I hope this - as my 1st post in this mailing list - complies to your standards
in terms of provided information and tone ,-). If not, apologies and let me try
a 2nd time.
In pig I try this
´´
REGISTER s3://p3insight/libs/avro-1.7.4.jar;
-- REGISTER s3://p3insight/libs/pig/piggybank.jar;
REGISTER s3://p3insight/libs/jackson-mapper-asl-1.9.9.jar;
REGISTER s3://p3insight/libs/jackson-core-2.3.4.jar
-- REGISTER s3://p3insight/libs/jackson-core-asl-1.9.9.jar;
REGISTER s3://p3insight/libs/json-simple-1.1.1.jar;
REGISTER /home/hadoop/pig/lib/piggybank.jar
a = LOAD 's3://p3iqubole/data/avro/' USING
org.apache.pig.piggybank.storage.avro.AvroStorage();
´´
Output is as follows
´´
<line 1, column 4> pig script failed to validate: java.lang.RuntimeException:
could not instantiate 'org.apache.pig.piggybank.storage.avro.AvroStorage' with
arguments 'null'
Details at logfile: /mnt/var/log/apps/pig.log
´´
Content of log file is:
´´
Pig Stack Trace
---------------
ERROR 1200: Pig script failed to parse:
<line 1, column 4> pig script failed to validate: java.lang.RuntimeException:
could not instantiate 'org.apache.pig.piggybank.storage.avro.AvroStorage' with
arguments 'null'
Failed to parse: Pig script failed to parse:
<line 1, column 4> pig script failed to validate: java.lang.RuntimeException:
could not instantiate 'org.apache.pig.piggybank.storage.avro.AvroStorage' with
arguments 'null'
at
org.apache.pig.parser.QueryParserDriver.parse(QueryParserDriver.java:191)
at org.apache.pig.PigServer$Graph.validateQuery(PigServer.java:1571)
at org.apache.pig.PigServer$Graph.registerQuery(PigServer.java:1544)
at org.apache.pig.PigServer.registerQuery(PigServer.java:516)
at
org.apache.pig.tools.grunt.GruntParser.processPig(GruntParser.java:988)
at
org.apache.pig.tools.pigscript.parser.PigScriptParser.parse(PigScriptParser.java:412)
at
org.apache.pig.tools.grunt.GruntParser.parseStopOnError(GruntParser.java:194)
at
org.apache.pig.tools.grunt.GruntParser.parseStopOnError(GruntParser.java:170)

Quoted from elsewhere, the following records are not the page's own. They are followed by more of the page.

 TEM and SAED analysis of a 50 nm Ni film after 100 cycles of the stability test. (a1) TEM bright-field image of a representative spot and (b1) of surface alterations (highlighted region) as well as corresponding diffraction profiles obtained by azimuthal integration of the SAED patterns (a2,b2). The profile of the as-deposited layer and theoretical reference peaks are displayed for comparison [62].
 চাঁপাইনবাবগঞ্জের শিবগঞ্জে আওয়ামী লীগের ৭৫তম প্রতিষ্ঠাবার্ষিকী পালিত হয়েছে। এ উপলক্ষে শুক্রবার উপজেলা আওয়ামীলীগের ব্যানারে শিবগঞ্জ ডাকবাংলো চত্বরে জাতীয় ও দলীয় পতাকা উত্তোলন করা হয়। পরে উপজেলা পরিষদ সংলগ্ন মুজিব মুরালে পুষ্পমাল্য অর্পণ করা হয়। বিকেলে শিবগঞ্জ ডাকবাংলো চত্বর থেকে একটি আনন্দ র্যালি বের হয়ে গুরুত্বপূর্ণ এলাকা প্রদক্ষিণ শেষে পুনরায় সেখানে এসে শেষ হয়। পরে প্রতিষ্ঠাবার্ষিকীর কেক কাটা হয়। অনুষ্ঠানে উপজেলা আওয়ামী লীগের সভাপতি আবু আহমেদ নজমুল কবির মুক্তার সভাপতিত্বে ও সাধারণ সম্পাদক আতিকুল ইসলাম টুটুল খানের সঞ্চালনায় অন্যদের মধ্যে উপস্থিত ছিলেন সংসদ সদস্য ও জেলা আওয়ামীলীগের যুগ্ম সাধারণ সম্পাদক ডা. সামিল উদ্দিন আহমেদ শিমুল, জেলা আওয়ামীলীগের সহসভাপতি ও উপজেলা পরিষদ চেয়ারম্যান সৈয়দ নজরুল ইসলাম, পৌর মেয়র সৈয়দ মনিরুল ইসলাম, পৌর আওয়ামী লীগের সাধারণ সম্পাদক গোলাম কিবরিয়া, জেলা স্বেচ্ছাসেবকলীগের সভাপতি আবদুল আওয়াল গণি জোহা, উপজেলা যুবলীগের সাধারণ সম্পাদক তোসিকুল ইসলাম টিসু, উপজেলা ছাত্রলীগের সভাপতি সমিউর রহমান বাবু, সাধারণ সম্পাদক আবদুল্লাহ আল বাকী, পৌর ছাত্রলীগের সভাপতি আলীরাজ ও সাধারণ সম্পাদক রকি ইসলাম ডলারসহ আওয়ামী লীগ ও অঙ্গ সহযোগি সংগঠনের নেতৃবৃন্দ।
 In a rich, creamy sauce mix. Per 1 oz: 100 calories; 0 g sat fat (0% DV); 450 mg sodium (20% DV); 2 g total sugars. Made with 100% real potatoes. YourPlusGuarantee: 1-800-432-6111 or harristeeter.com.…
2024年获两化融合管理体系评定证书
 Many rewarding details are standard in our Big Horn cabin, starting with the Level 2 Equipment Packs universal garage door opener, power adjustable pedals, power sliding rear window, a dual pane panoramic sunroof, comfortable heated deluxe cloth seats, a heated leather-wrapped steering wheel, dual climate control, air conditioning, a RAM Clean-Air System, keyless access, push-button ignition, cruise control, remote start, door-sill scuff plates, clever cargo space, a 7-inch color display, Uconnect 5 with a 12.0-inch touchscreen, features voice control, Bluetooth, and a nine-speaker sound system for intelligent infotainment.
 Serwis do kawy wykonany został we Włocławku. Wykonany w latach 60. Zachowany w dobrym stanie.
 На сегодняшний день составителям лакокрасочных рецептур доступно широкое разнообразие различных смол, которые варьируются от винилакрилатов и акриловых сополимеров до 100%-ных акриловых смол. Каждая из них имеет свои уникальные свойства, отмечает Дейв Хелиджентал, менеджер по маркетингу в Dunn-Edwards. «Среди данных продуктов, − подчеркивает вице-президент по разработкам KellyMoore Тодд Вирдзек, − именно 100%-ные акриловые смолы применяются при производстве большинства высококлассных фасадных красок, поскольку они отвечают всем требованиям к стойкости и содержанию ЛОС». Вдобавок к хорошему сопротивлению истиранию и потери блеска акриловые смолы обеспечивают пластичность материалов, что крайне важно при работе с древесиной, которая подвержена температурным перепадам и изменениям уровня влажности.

at org.apache.pig.tools.grunt.Grunt.run(Grunt.java:69)
at org.apache.pig.Main.run(Main.java:542)
at org.apache.pig.Main.main(Main.java:159)
at sun.reflect.NativeMethodAccessorImpl.invoke0(Native Method)
at
sun.reflect.NativeMethodAccessorImpl.invoke(NativeMethodAccessorImpl.java:57)
at
sun.reflect.DelegatingMethodAccessorImpl.invoke(DelegatingMethodAccessorImpl.java:43)
at java.lang.reflect.Method.invoke(Method.java:606)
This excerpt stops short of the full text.